EXERCISE BRIEF :: Begin at the line with "Stella & Chewy's" and output every line through the end of the records, exactly as given. Omit pictures.

RECORDS SUPPLIED ::

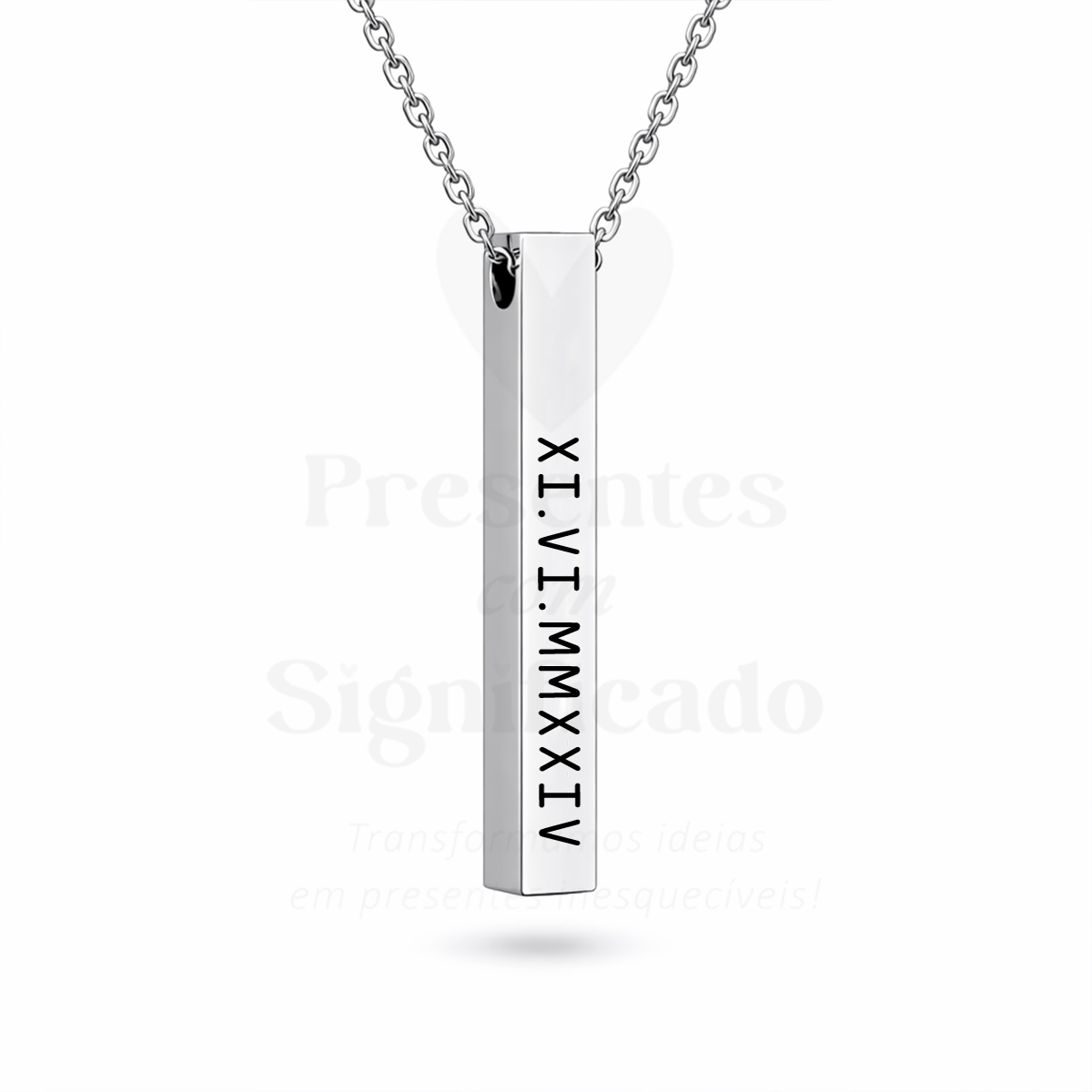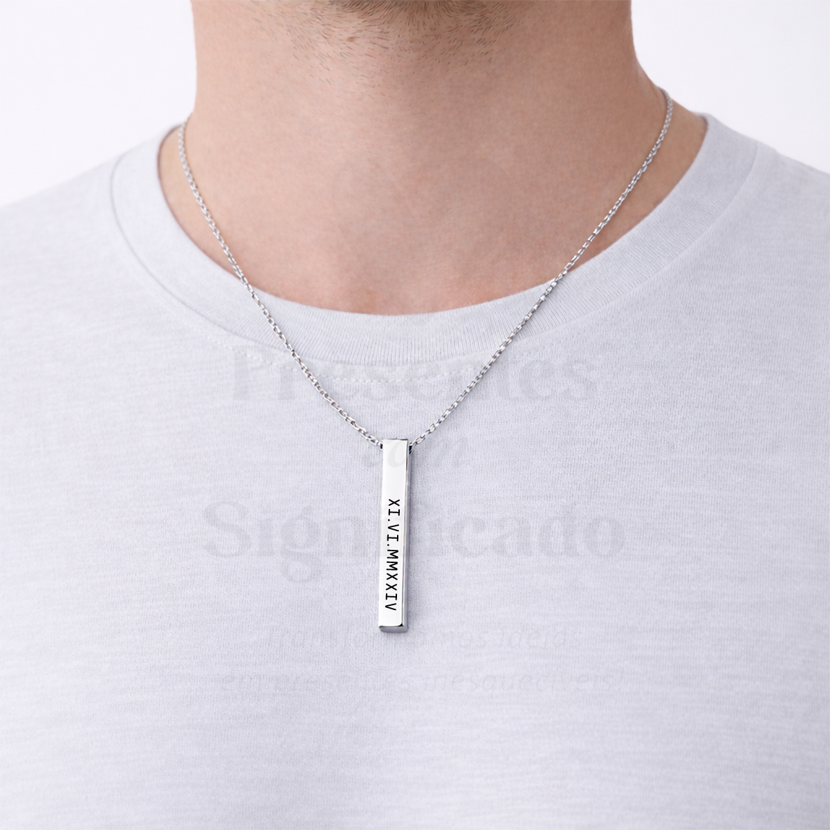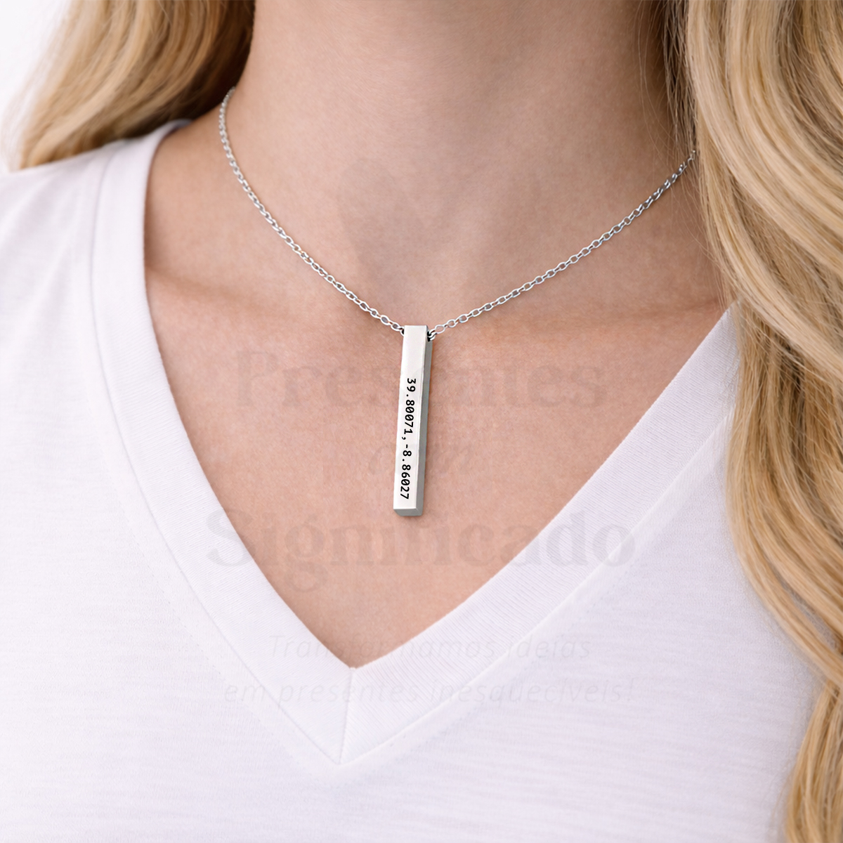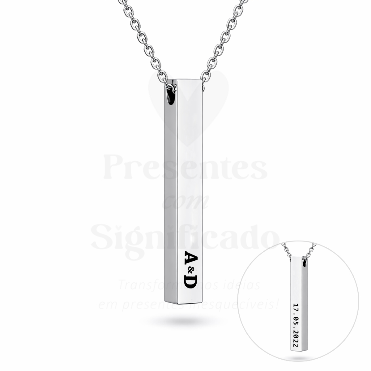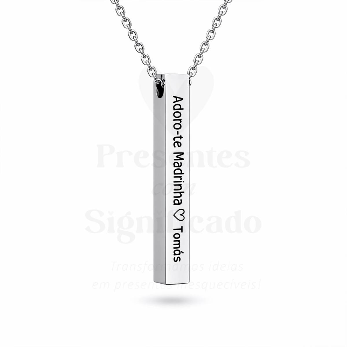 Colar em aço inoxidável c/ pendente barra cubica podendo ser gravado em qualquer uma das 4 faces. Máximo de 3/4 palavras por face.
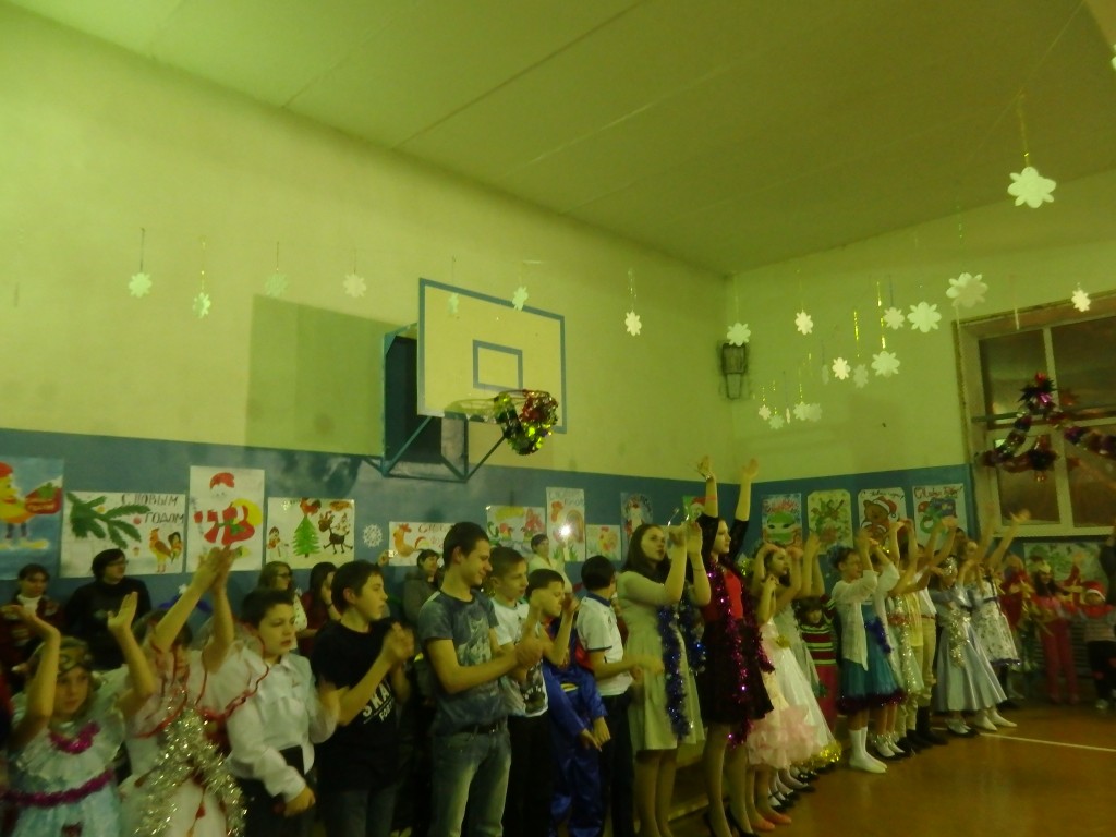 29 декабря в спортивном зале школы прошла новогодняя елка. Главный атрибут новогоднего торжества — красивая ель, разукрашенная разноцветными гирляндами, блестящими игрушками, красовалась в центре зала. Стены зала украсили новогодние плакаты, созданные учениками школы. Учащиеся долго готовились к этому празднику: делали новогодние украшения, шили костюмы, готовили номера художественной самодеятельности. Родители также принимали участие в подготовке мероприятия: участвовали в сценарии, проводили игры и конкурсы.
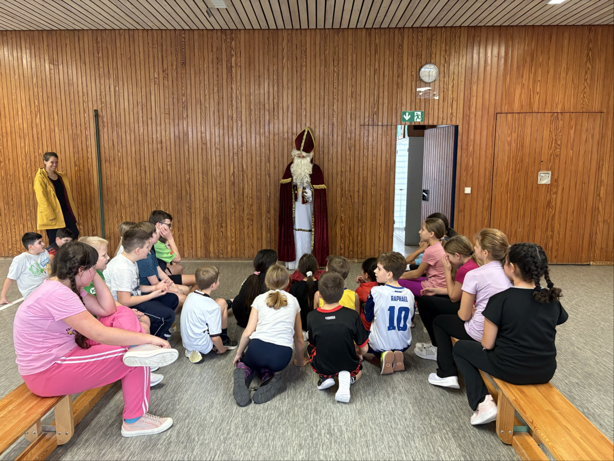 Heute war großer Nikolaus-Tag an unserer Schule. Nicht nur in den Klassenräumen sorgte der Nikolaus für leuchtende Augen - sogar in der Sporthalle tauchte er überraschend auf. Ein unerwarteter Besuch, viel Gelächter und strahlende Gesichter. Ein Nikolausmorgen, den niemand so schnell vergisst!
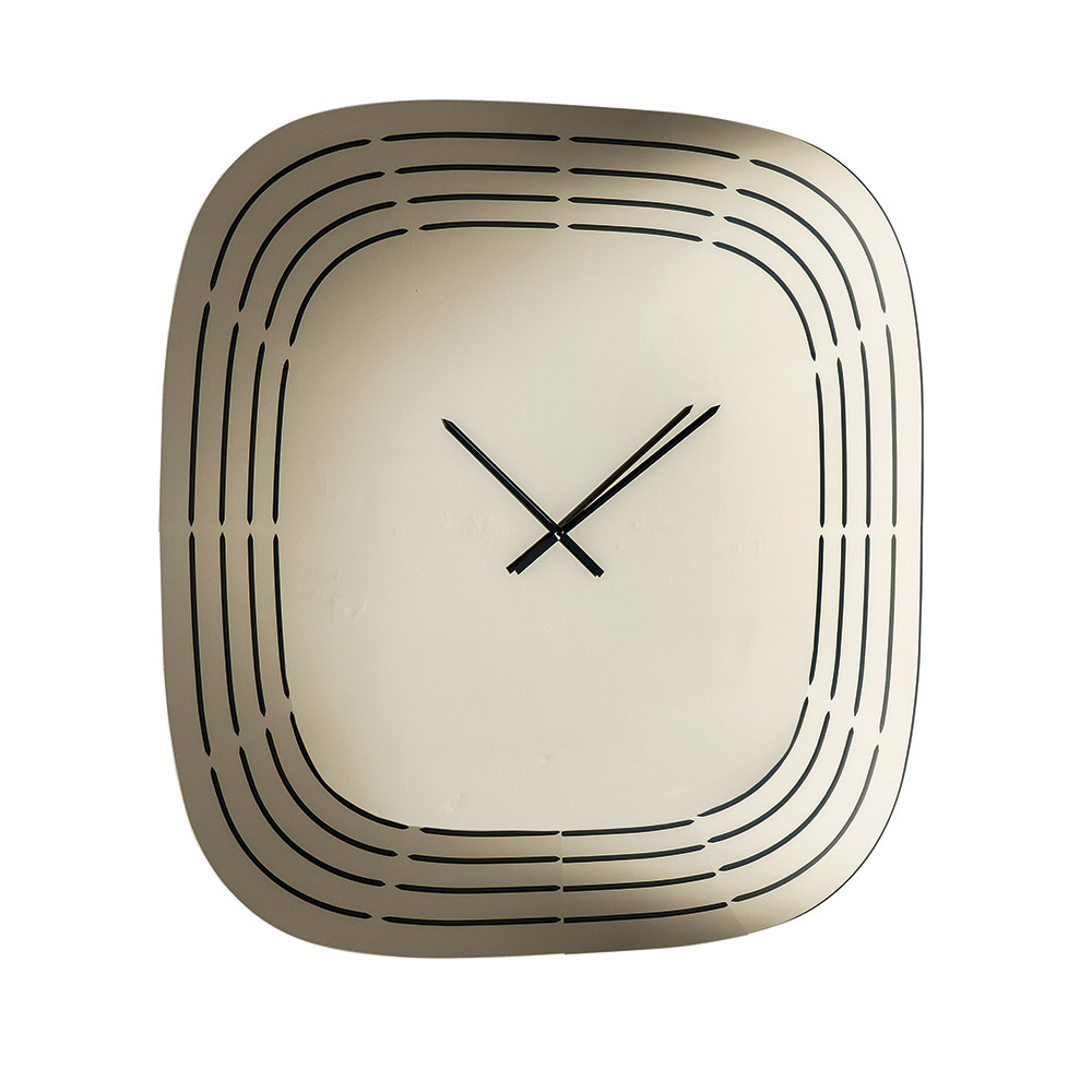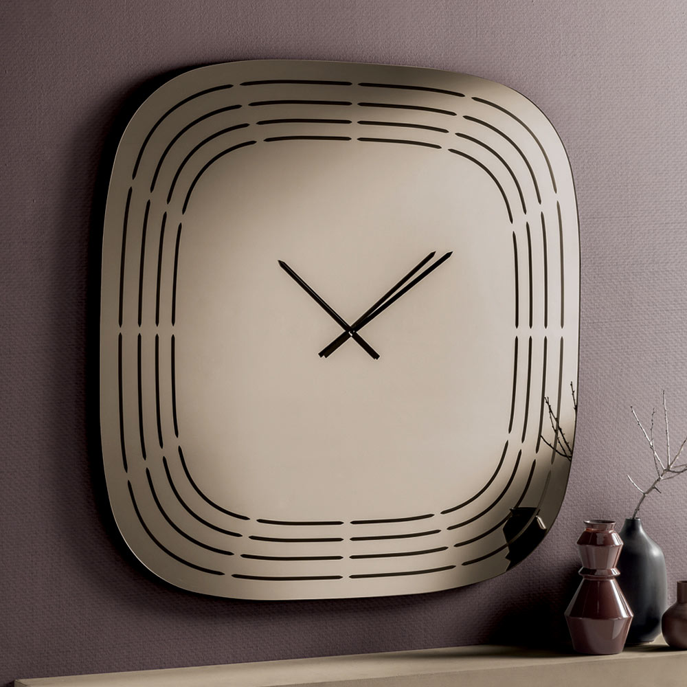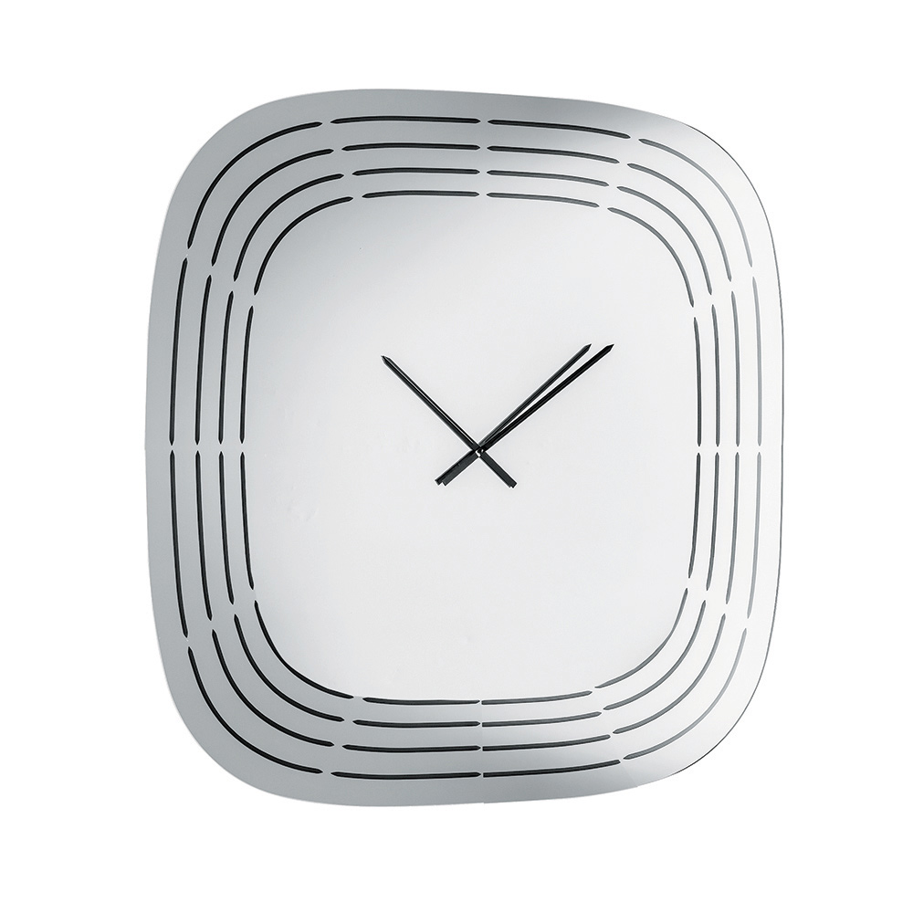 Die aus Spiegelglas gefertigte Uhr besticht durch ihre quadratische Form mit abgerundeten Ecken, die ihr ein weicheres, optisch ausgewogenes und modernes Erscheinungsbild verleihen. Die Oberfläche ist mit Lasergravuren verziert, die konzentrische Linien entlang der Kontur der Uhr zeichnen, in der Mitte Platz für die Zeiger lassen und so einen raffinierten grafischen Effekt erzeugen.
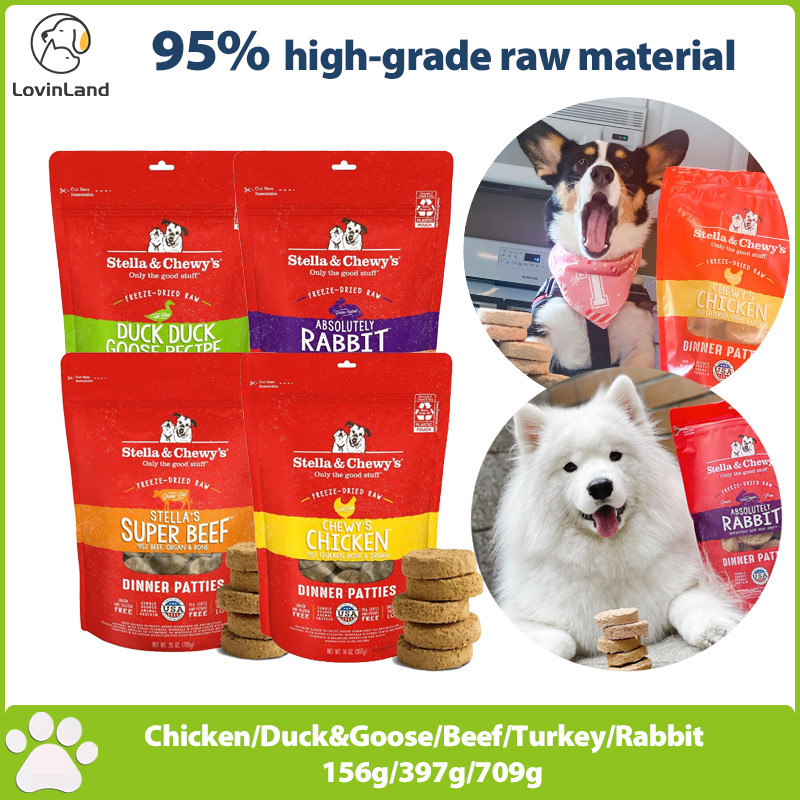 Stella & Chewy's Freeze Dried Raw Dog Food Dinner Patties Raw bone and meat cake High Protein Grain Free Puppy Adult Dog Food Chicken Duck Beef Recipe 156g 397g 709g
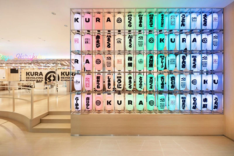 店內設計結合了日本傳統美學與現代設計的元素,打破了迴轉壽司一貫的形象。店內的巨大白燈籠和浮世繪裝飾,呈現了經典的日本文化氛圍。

EXERCISE RESULT ::
 Stella & Chewy's Freeze Dried Raw Dog Food Dinner Patties Raw bone and meat cake High Protein Grain Free Puppy Adult Dog Food Chicken Duck Beef Recipe 156g 397g 709g
 店內設計結合了日本傳統美學與現代設計的元素,打破了迴轉壽司一貫的形象。店內的巨大白燈籠和浮世繪裝飾,呈現了經典的日本文化氛圍。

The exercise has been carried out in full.